Our study has several limitations: (1) A higher proportion of our cases received early combination approach leading to a significantly smaller conventional combination group and made it difficult to obtain a statistical difference between some results. (2) Due to the retrospective feature, objective fistula severity measurements such as MRI score or PDAI score were not routinely collected during our study. Although rectal MRI was performed in all included patients before treatment, a great percent of patients didn't receive MRI re-examination during follow-up. (3) All cases were collected from a single tertiary academic center, leading to the inclusion of a high number of patients with complex fistulas, and whether these data apply to patients with simple PFCD is uncertain. (4) The time interval of combination therapy was wide between different patients, especially in the conventional combination group; however, this may reflect the complexity of decision-making in PFCD management.
The strengths of this study include (1) The relatively large sample size in a single institution with two experienced surgeons performing all of the surgeries. (2) We measured perianal surgical re-intervention and long-term clinical fistula closure as endpoint definitions, which are clinically relevant parameters in reflecting real-world practice. (3) We only included patients who have finished infliximab induction therapy and have been followed up over one year, which is robust enough to provide reliable long-term outcomes.
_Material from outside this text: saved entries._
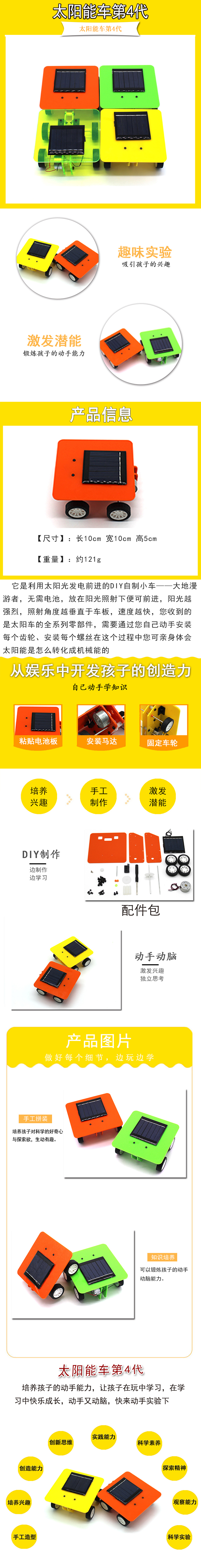 太阳能小车4号 青少年创客教育科学小制作 光能发电模型 手工拼装
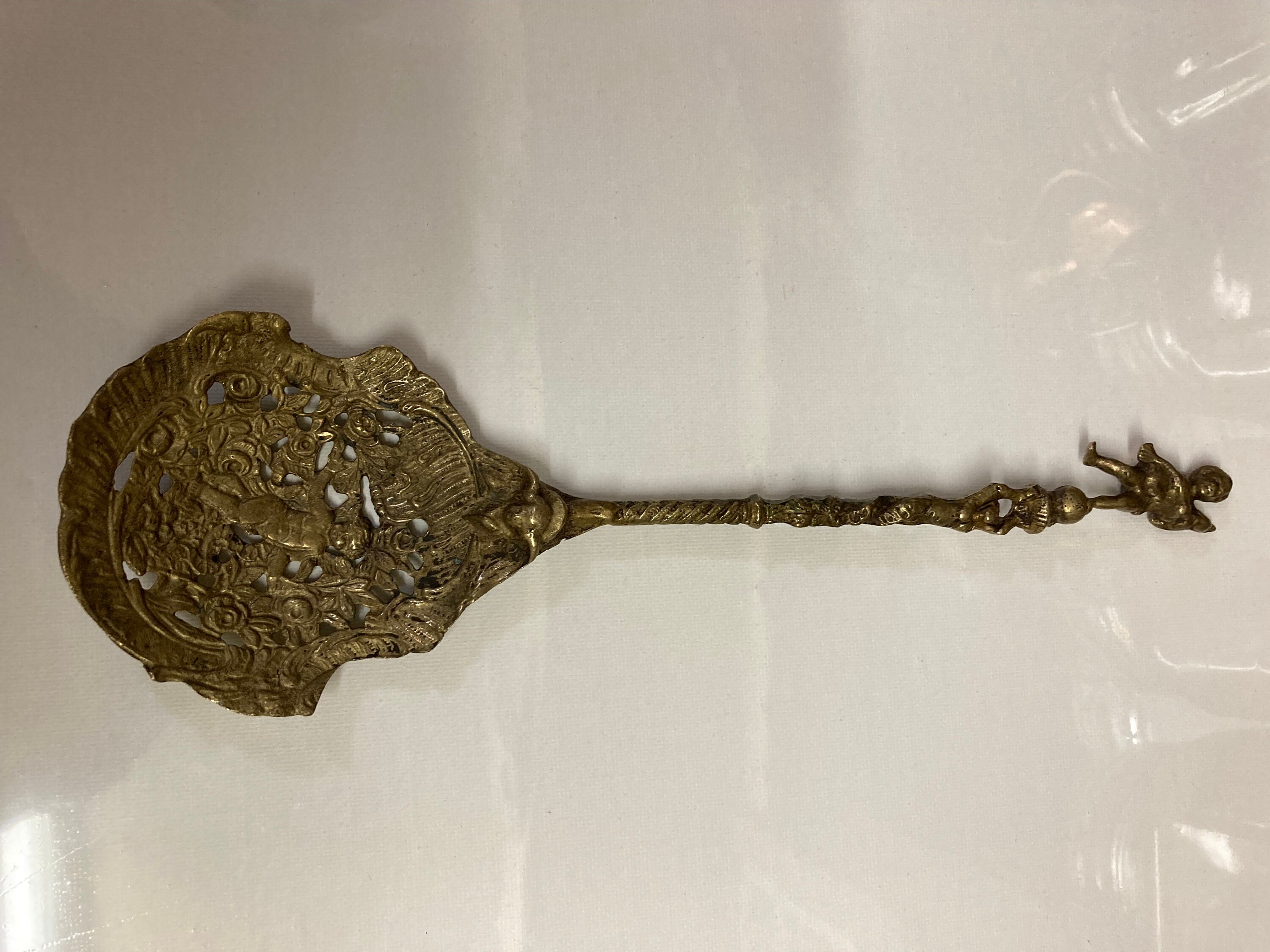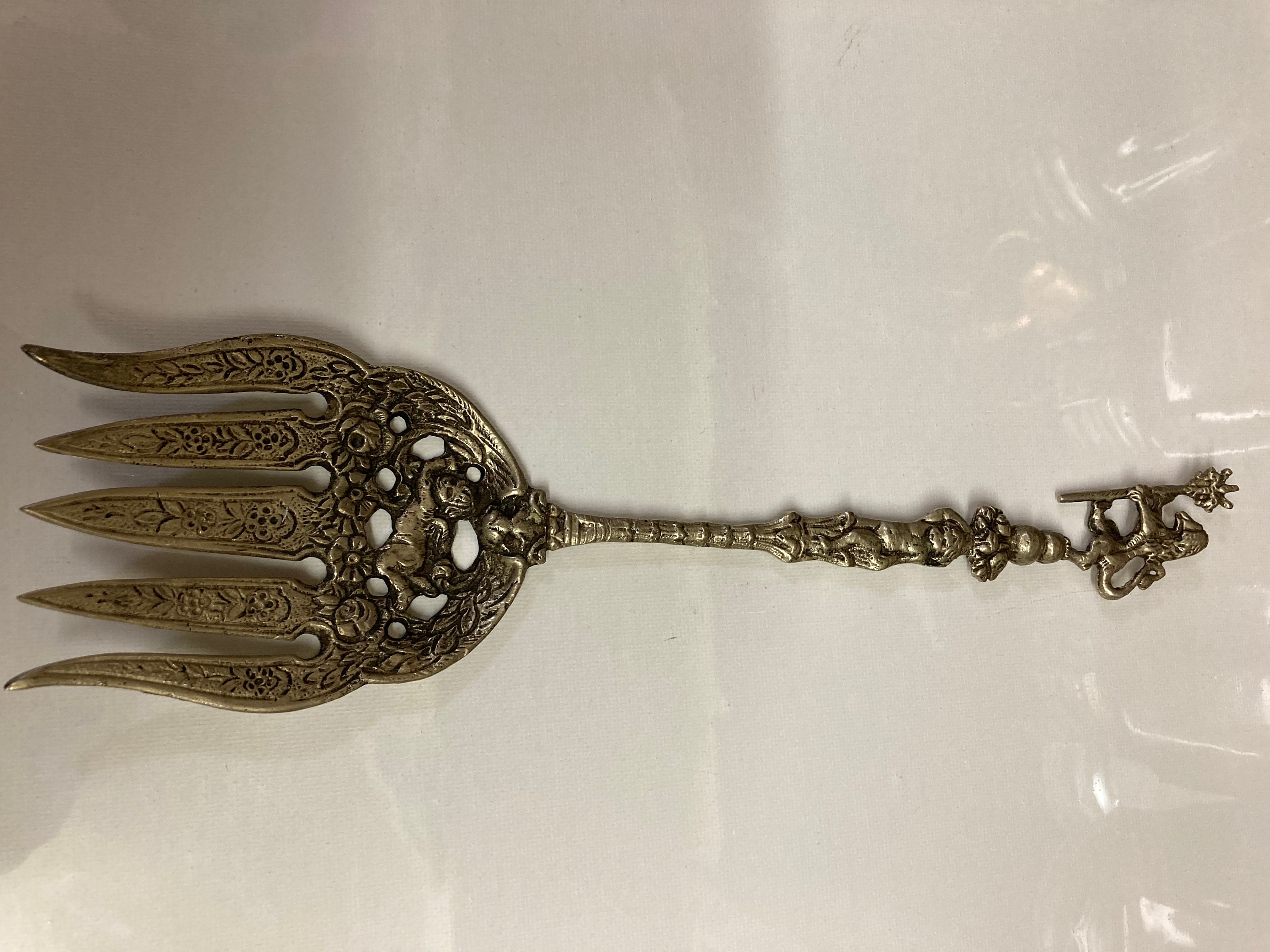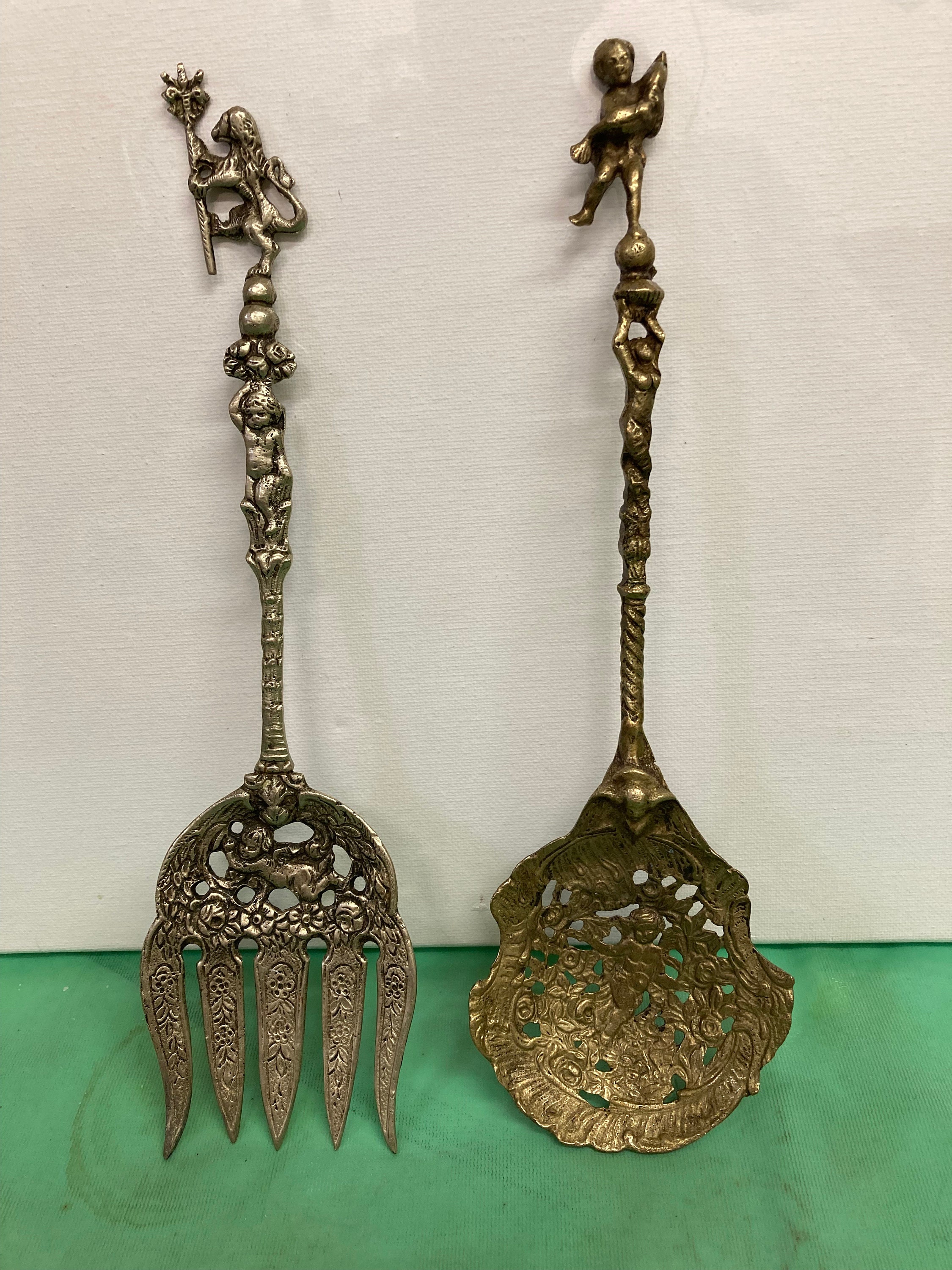 ANTIQUE 10” DECORATIVE ORNATE FORK & SPOON SERVING SET - BRASS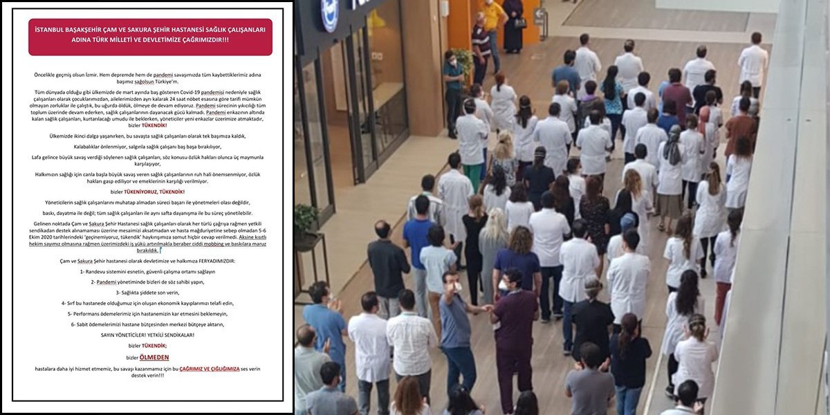 İstanbul Başakşehir Çam ve Sakura Şehir Hastanesi’nde görevli sağlık çalışanları çalışma şartlarındaki zorluklara dikkat çekerek yazılı bir açıklama yayımladı.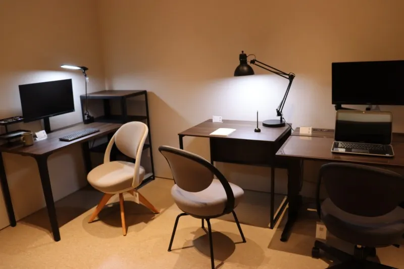 同サロンは、自宅での使用シーンをリアルに再現した空間が特徴で、書斎やゲーミングルーム、異なる床材を用いたエリアなど、実際の生活に近い環境でチェアの使用感を確かめられる。10種類以上のオカムラチェアを常設し、予約不要で座り比べができるほか、約30分の試座体験も可能である。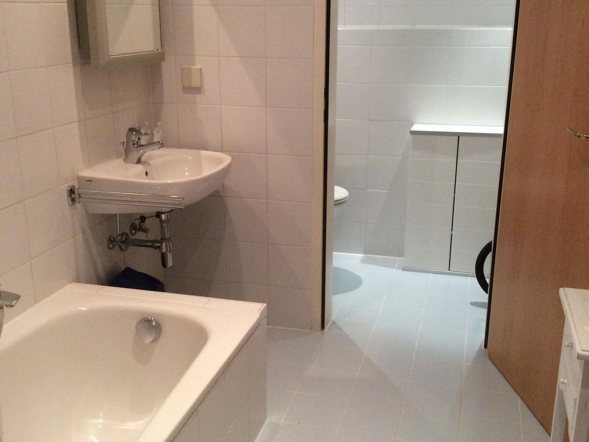 Appartement Typ A/60 m² (4 Personen): Schlafzimmer (2 Betten), Wohn-Schlafraum mit 2 getrennten Betten, Eßecke, Küchenzeile mit Backofen, Bad, WC, Vorraum, Kühlschrank, Kaffeemaschine, Sat-TV, Radio.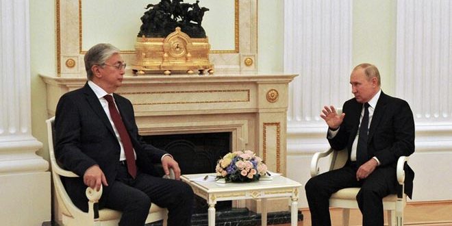 وقال الرئيس الروسي خلال لقائه في موسكو بنظيره الكازاخستاني قاسم جومارت توكاييف: “إن العمل على متابعة هذه القضايا سيتم داخل منظمة شنغهاي للتعاون ومنظمة معاهدة الأمن الجماعي كما هو مخطط في منتصف شهر أيلول القادم”.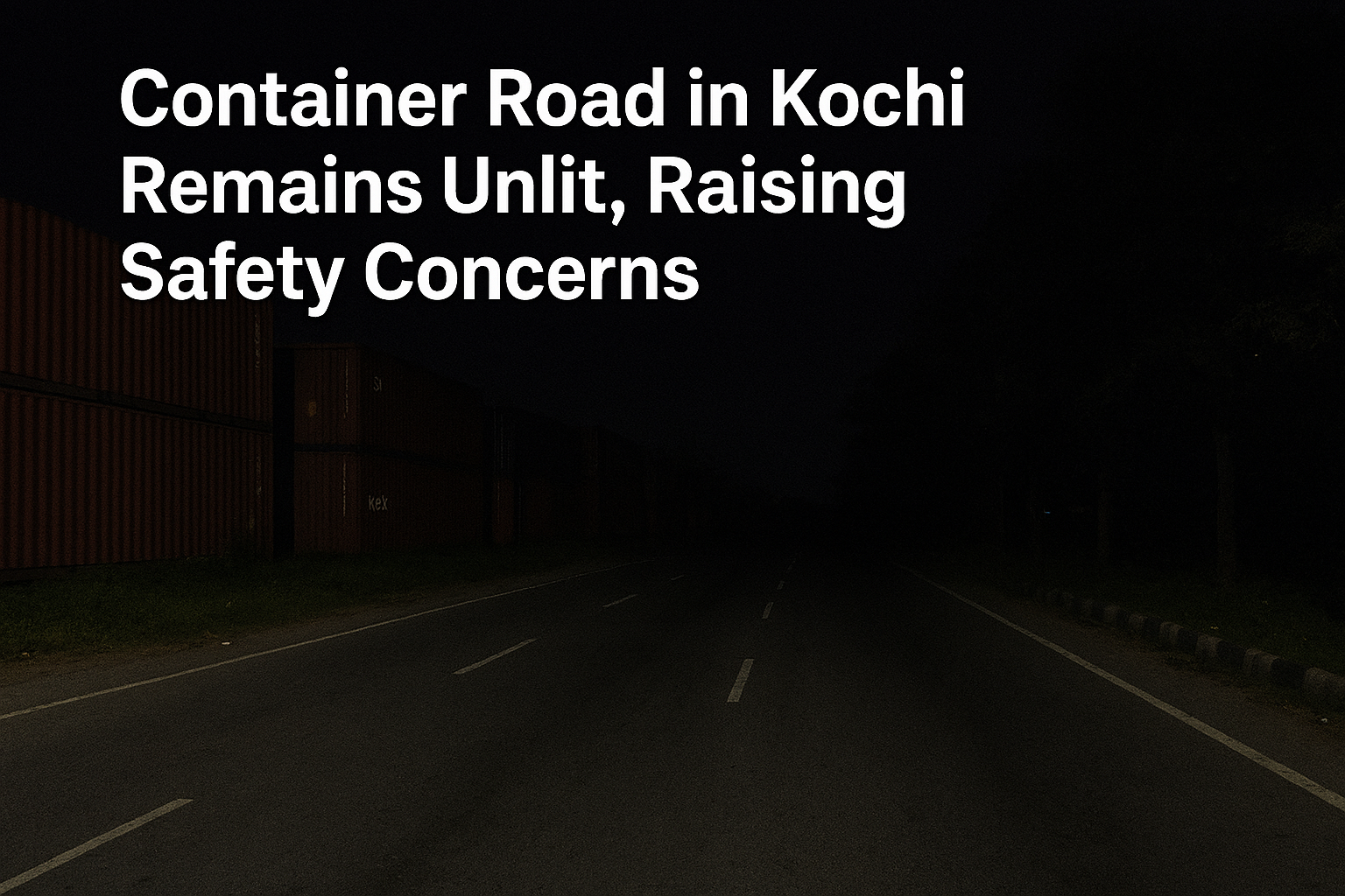 Container Road, a crucial industrial corridor in Kochi connecting the port area to major highways, continues to remain poorly lit, causing growing concern among commuters, transport operators, and nearby residents. Despite repeated complaints, large stretches of the road remain in darkness after sunset, increasing the risk of accidents and crime.

In conclusion, early initiation of infliximab therapy after surgery results in promising long-term fistula closure in a significant proportion of PFCD patients with an acceptable surgical re-intervention rate. For patients with concomitant perianal abscesses or requiring infliximab maintenance therapy, a longer interval is warranted to establish durable drainage before beginning infliximab therapy. In patients with PFCD who receive early combination therapy, maintenance with immunomodulators such as azathioprine could be a reasonable alternative. The optimal timing to initiate treatment is still needed to be determined in future studies.